27/01/2026
When Jane Cabusas Espante lifted the trophy at the World Coffee Championships inside World of Coffee Dubai, it wasn’t just a personal victory. It felt quieter than that, and stronger. A moment brewed through years of discipline, migration, and showing up long before anyone was watching.
A proud daughter of Compostela, Cebu, Philippines, Jane claimed the 2026 Cezve/Ibrik World Championship, officially representing the United Arab Emirates. Her win opened the 2026 World Coffee Championships season, making it the first championship event of the year. The competition ran from January 18 to 20, 2026, held as a centerpiece of World of Coffee Dubai.
The Cezve/Ibrik Championship brought together specialists in one of coffee’s most ancient brewing methods. Competitors from around the world took the stage over three days where each performance was judged on technical precision, sensory excellence, and cultural expression. After the final round, Jane Espante (UAE) emerged as champion.
Cezve/ibrik coffee isn’t about speed. It’s about control, patience, and intuition, the kind that only comes with time. The method uses a cezve (or ibrik), a small pot with a long handle and a distinctive flared brim, traditionally made from copper, brass, or ceramic. This style of brewing has been practiced for centuries across Eastern Europe, the Middle East, and North Africa. Every movement matters, every second counts.

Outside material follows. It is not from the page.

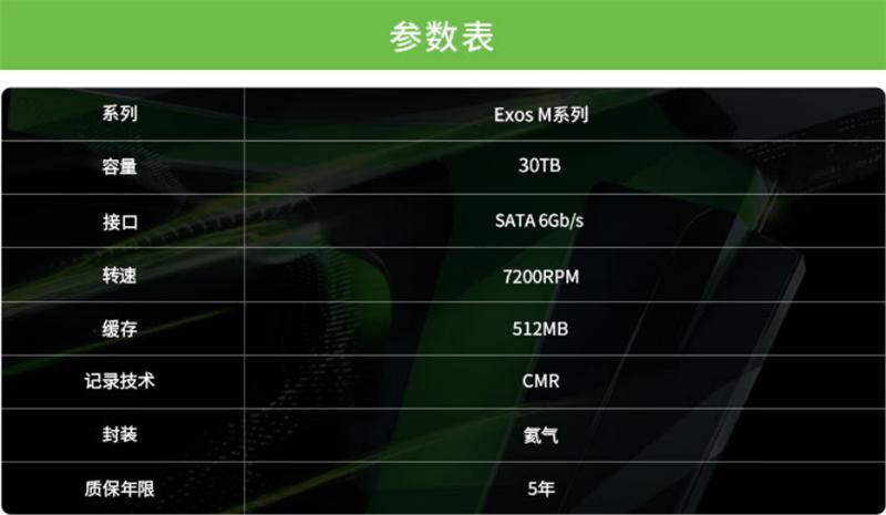 希捷银河Exos M 30TB硬盘详细参数如下:

Jane’s journey mirrors that philosophy.
Before the world stage, there were long shifts and steady work in hospitality and food service in the Philippines. She carried that work ethic to the Middle East, where Dubai’s competitive coffee scene sharpened her craft. Over time, she rose through the ranks, becoming a Barista Training Manager, shaping standards not just for herself, but for others around her.
This matters because titles like this aren’t won by accident. They’re earned by people who understand systems, flavors, pressure... and people.
On paper, Jane competed under the UAE flag. In reality, her story is unmistakably Filipino.
Like many overseas Filipinos, her excellence was refined abroad, but rooted at home. Her win fits into a larger, familiar narrative that Filipinos quietly shaping global industries, not through noise, but through consistency, care, and craft.
There’s something poetic about a Filipina championing cezve/ibrik brewing (one of coffee’s most ancient methods) on a modern global stage. It bridges cultures. It honors tradition. It proves that talent doesn’t need borders to travel far.
The 2026 Cezve/Ibrik Championship wasn’t just about scores or sensory notes. It was about cultural expression. Storytelling through coffee. Remembering where you came from while choosing where you’re going.
Jane Espante reminds the world that Filipino excellence doesn’t always announce itself loudly. It shows up prepared, grounded, and undeniable.
From Compostela, Cebu to Dubai, from local kitchens to global stages—this is a story many Filipinos will recognize, and proudly claim.
Sometimes, history doesn’t knock. It brews quietly until the whole world takes notice.